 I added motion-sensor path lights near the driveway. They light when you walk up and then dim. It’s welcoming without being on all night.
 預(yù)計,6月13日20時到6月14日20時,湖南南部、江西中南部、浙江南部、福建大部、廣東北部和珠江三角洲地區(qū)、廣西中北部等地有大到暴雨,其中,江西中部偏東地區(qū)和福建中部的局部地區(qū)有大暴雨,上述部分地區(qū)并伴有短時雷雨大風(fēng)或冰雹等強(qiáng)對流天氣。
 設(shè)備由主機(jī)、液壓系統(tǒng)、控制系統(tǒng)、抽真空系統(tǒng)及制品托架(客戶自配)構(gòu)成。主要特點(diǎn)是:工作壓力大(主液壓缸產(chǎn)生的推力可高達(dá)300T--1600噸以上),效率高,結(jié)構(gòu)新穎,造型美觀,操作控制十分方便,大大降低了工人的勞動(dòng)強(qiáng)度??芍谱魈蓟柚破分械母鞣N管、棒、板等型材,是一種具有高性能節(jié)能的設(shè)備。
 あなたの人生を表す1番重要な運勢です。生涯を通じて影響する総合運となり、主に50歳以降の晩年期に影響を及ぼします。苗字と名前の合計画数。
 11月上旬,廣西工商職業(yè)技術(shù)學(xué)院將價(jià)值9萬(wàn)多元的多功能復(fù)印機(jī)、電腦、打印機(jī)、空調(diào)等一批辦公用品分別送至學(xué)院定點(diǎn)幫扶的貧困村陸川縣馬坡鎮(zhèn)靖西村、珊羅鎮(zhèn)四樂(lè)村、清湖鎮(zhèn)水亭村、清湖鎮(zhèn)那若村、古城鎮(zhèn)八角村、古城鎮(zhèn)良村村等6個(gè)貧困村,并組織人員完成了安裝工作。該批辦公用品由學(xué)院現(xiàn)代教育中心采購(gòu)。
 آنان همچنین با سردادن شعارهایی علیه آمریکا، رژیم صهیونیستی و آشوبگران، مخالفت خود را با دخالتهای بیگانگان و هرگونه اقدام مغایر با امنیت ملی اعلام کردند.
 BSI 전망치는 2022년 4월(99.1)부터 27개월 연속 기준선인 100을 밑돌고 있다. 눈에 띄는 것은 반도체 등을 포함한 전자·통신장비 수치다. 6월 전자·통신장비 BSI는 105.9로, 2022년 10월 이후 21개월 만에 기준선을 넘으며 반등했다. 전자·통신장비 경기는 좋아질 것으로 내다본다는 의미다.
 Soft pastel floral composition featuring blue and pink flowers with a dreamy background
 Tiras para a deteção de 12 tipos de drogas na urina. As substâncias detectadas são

...

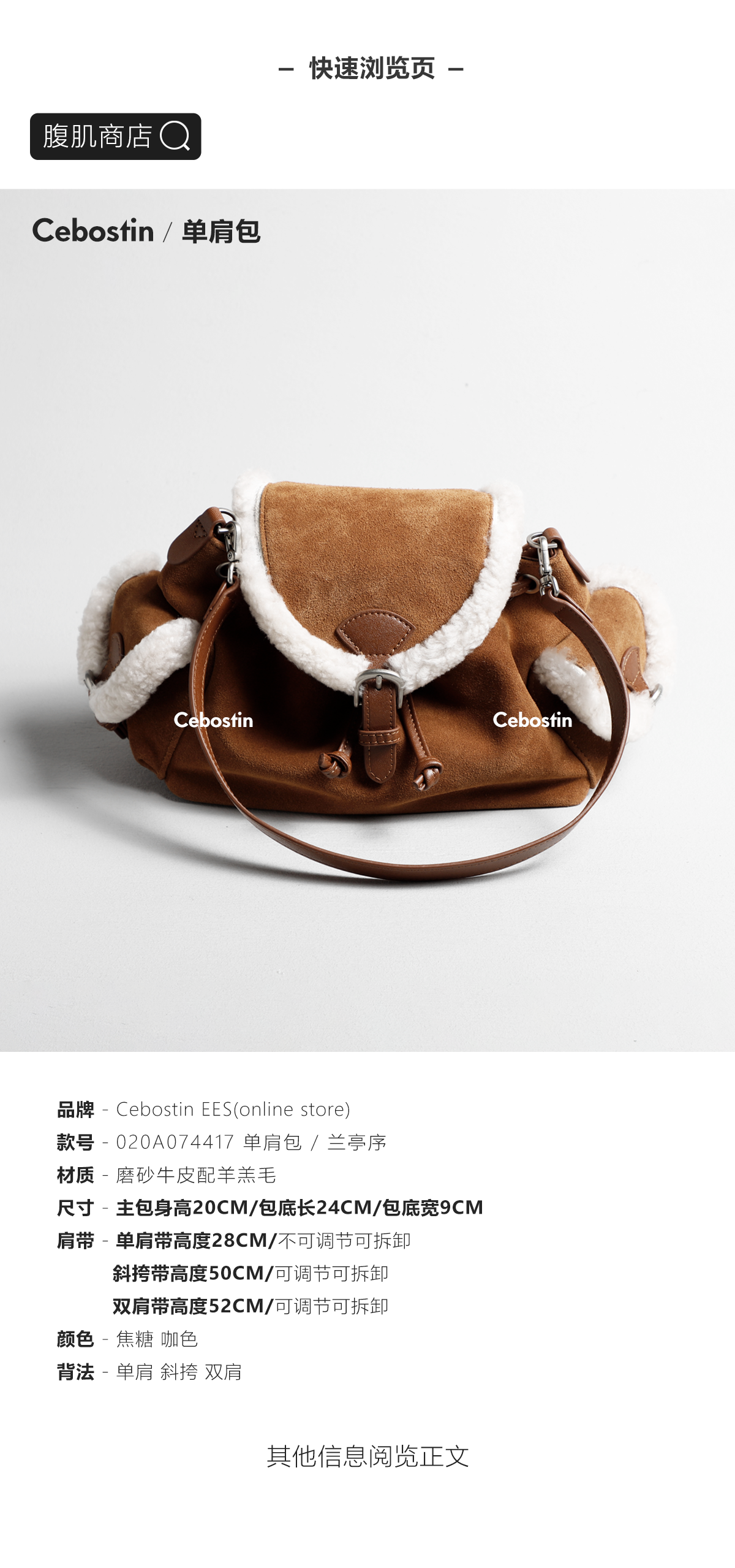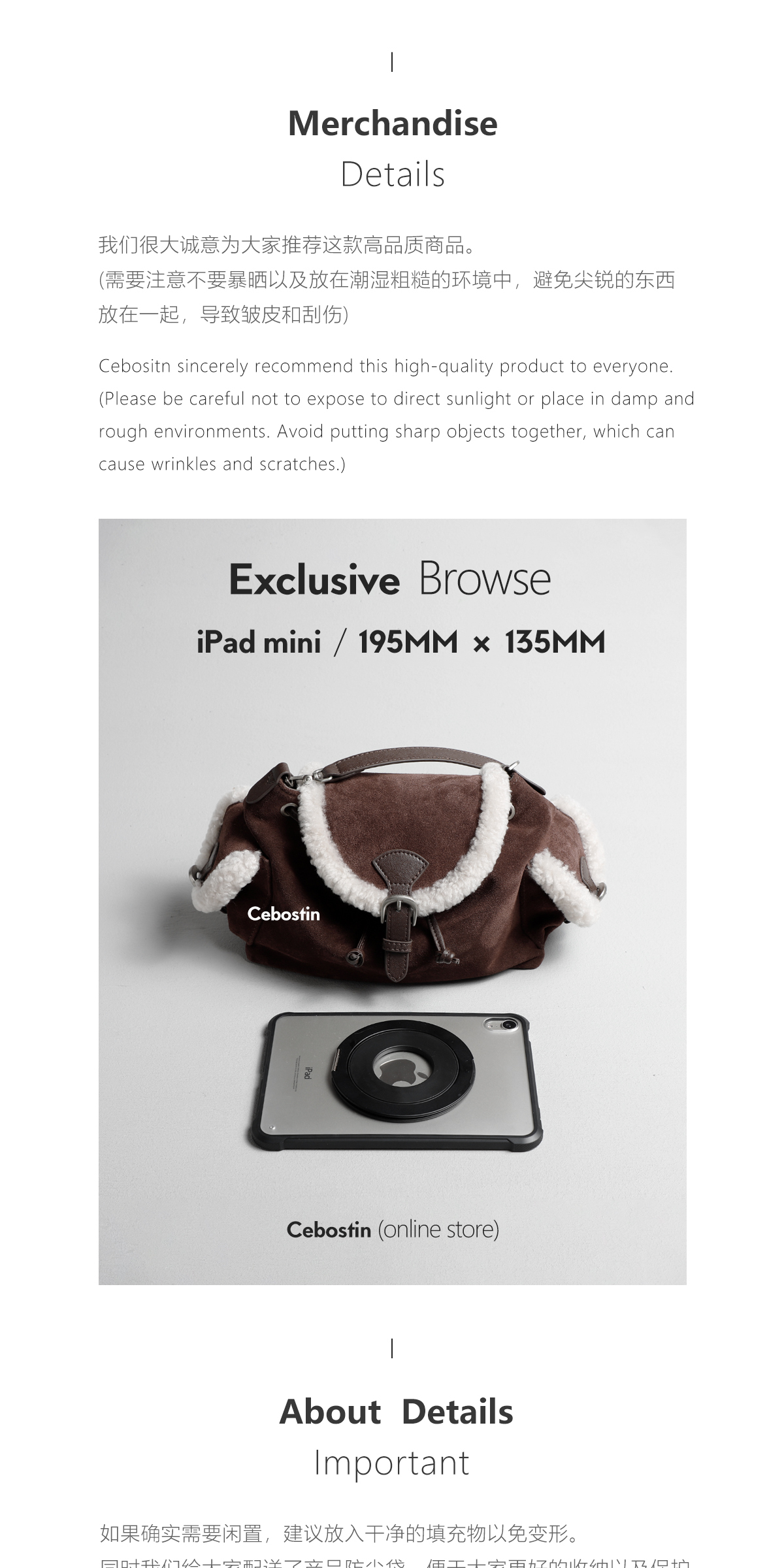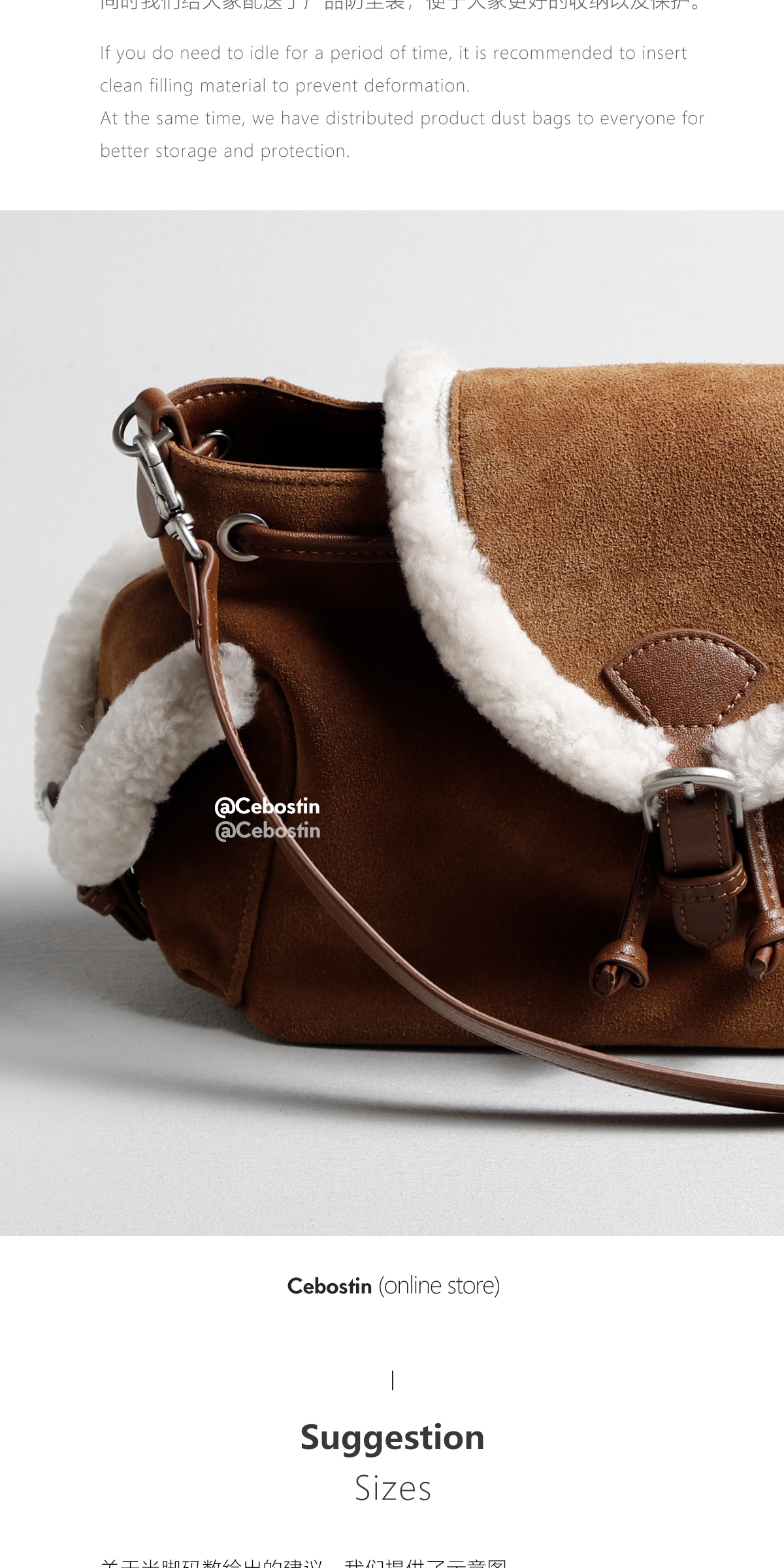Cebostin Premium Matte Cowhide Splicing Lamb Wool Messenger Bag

--

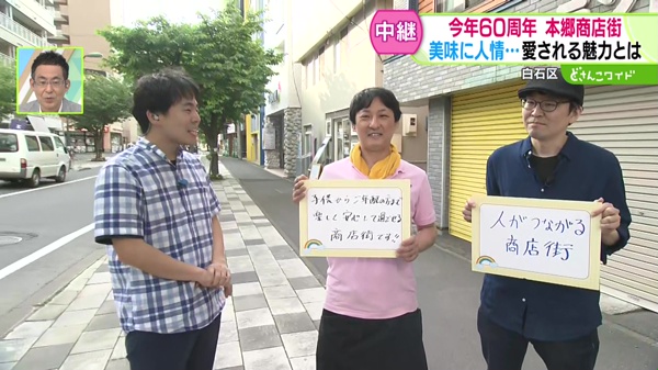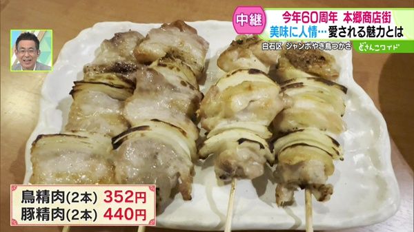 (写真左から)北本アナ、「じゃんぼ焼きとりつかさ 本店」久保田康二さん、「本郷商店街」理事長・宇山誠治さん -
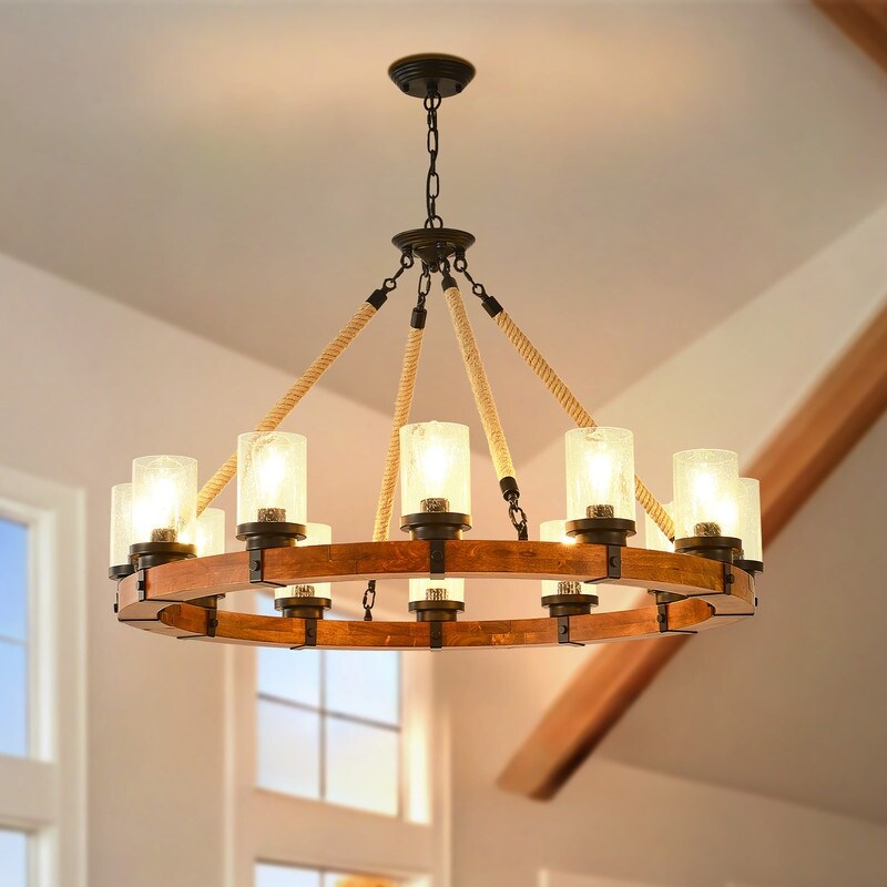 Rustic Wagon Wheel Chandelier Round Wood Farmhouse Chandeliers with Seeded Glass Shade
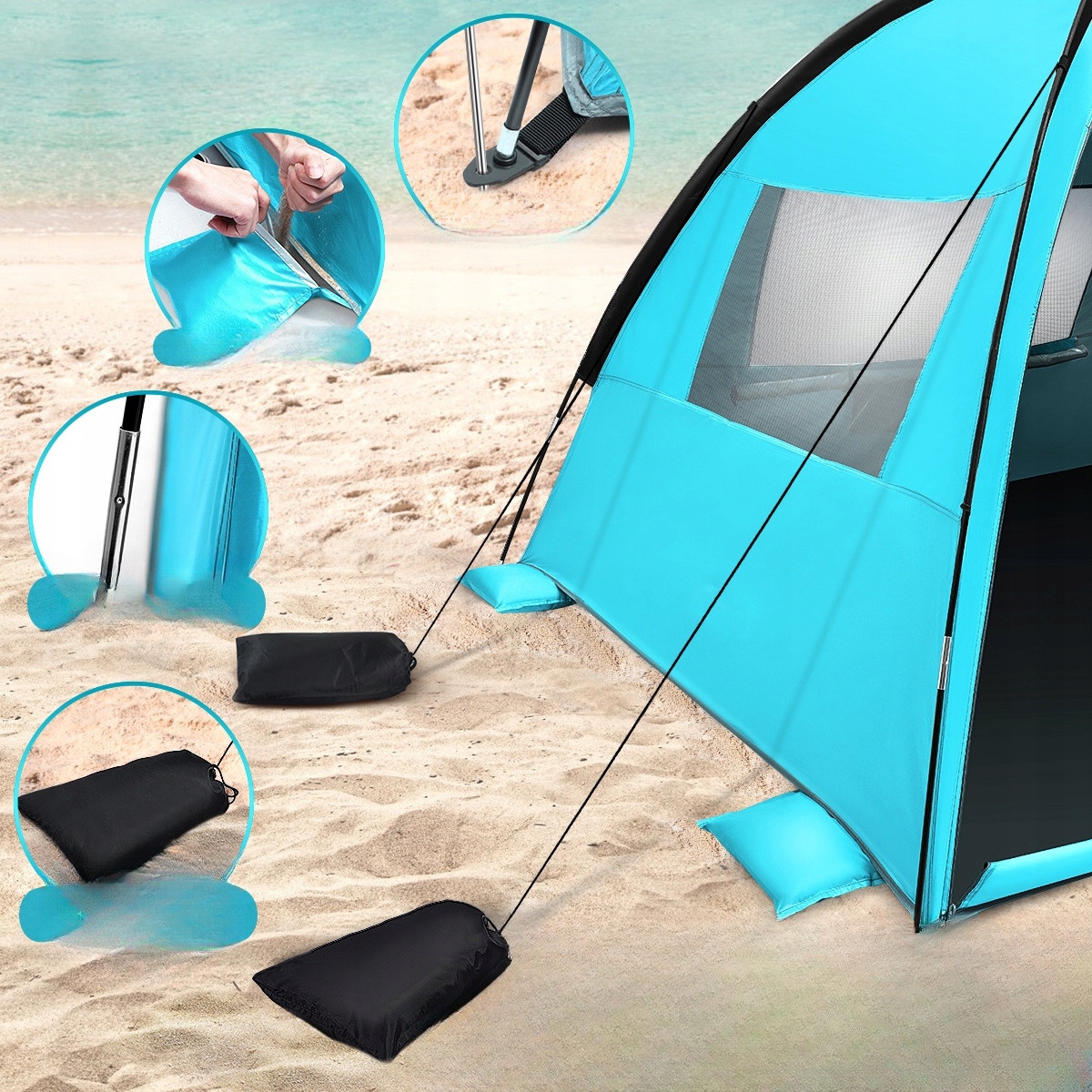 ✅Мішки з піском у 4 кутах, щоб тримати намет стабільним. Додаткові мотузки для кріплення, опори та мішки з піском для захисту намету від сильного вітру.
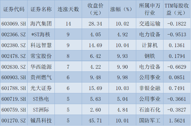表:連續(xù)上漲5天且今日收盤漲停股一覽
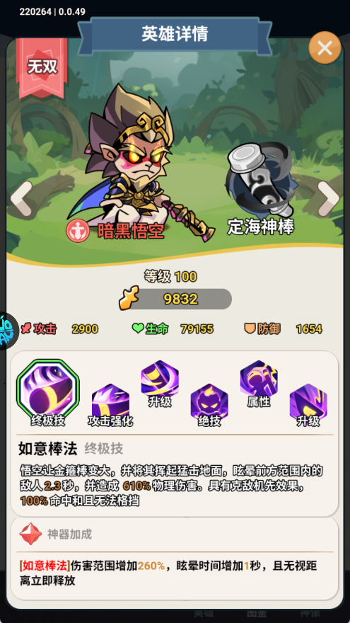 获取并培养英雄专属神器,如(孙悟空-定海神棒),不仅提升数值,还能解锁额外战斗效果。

• Problem description:
Could you reproduce, exactly, every line above from the line with "あなたの人生を表す1番重要な" to the line with "11月上旬,廣西工商職業(y", and no other line? Both ends count.

• Solved problem:
 あなたの人生を表す1番重要な運勢です。生涯を通じて影響する総合運となり、主に50歳以降の晩年期に影響を及ぼします。苗字と名前の合計画数。
 11月上旬,廣西工商職業(yè)技術(shù)學(xué)院將價(jià)值9萬(wàn)多元的多功能復(fù)印機(jī)、電腦、打印機(jī)、空調(diào)等一批辦公用品分別送至學(xué)院定點(diǎn)幫扶的貧困村陸川縣馬坡鎮(zhèn)靖西村、珊羅鎮(zhèn)四樂(lè)村、清湖鎮(zhèn)水亭村、清湖鎮(zhèn)那若村、古城鎮(zhèn)八角村、古城鎮(zhèn)良村村等6個(gè)貧困村,并組織人員完成了安裝工作。該批辦公用品由學(xué)院現(xiàn)代教育中心采購(gòu)。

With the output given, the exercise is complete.